BEGIN Material provided

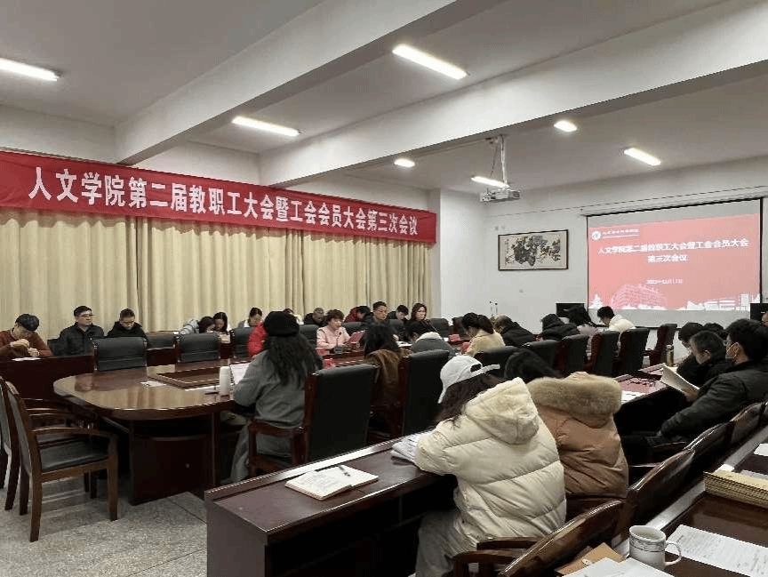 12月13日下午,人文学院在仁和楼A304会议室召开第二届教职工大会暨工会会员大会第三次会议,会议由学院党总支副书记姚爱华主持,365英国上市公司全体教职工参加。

END Material provided
BEGIN Material provided

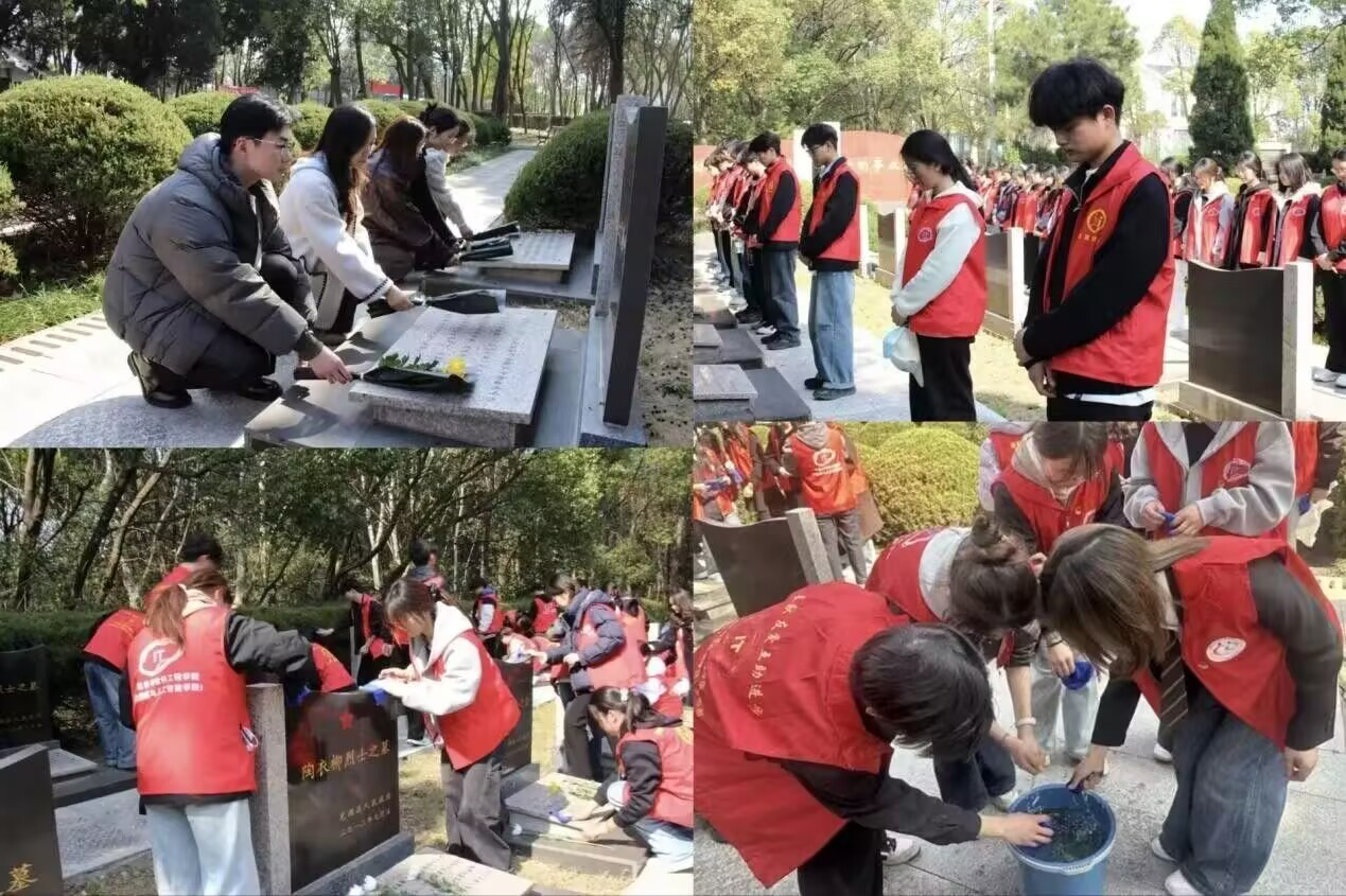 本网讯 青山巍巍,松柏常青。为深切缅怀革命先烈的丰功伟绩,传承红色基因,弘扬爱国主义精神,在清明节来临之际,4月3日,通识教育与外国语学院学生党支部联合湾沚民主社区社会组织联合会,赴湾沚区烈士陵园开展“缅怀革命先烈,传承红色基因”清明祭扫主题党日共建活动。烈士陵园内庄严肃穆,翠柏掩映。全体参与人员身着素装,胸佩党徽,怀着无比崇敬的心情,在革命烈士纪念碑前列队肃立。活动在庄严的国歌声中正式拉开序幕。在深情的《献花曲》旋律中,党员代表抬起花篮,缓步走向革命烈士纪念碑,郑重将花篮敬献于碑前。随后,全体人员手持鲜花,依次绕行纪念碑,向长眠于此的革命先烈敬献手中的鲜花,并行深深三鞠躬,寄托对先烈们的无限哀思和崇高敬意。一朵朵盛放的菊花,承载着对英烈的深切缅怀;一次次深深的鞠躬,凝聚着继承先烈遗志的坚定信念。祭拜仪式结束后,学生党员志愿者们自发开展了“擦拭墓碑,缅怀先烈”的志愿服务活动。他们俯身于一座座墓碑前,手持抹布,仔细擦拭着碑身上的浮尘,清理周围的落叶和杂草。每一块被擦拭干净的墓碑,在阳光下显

END Material provided
BEGIN Material provided

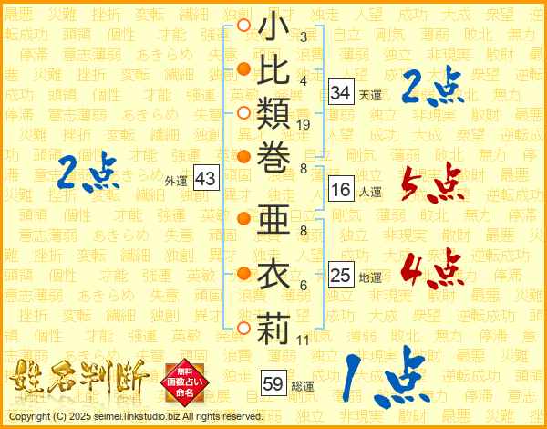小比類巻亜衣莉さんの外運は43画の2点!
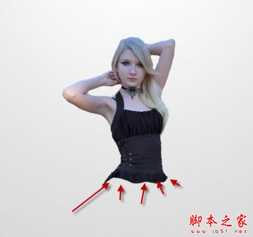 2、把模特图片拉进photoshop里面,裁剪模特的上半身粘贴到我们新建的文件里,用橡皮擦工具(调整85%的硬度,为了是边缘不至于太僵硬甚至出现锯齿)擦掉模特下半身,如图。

END Material provided

### Task details
Pictures excluded, transcribe the listing above exactly from the line with "小比類巻亜衣莉さんの外運は43画の2点!" through the line with "2、把模特图片拉进photo", and no further.

### Output for this task
小比類巻亜衣莉さんの外運は43画の2点!
 2、把模特图片拉进photoshop里面,裁剪模特的上半身粘贴到我们新建的文件里,用橡皮擦工具(调整85%的硬度,为了是边缘不至于太僵硬甚至出现锯齿)擦掉模特下半身,如图。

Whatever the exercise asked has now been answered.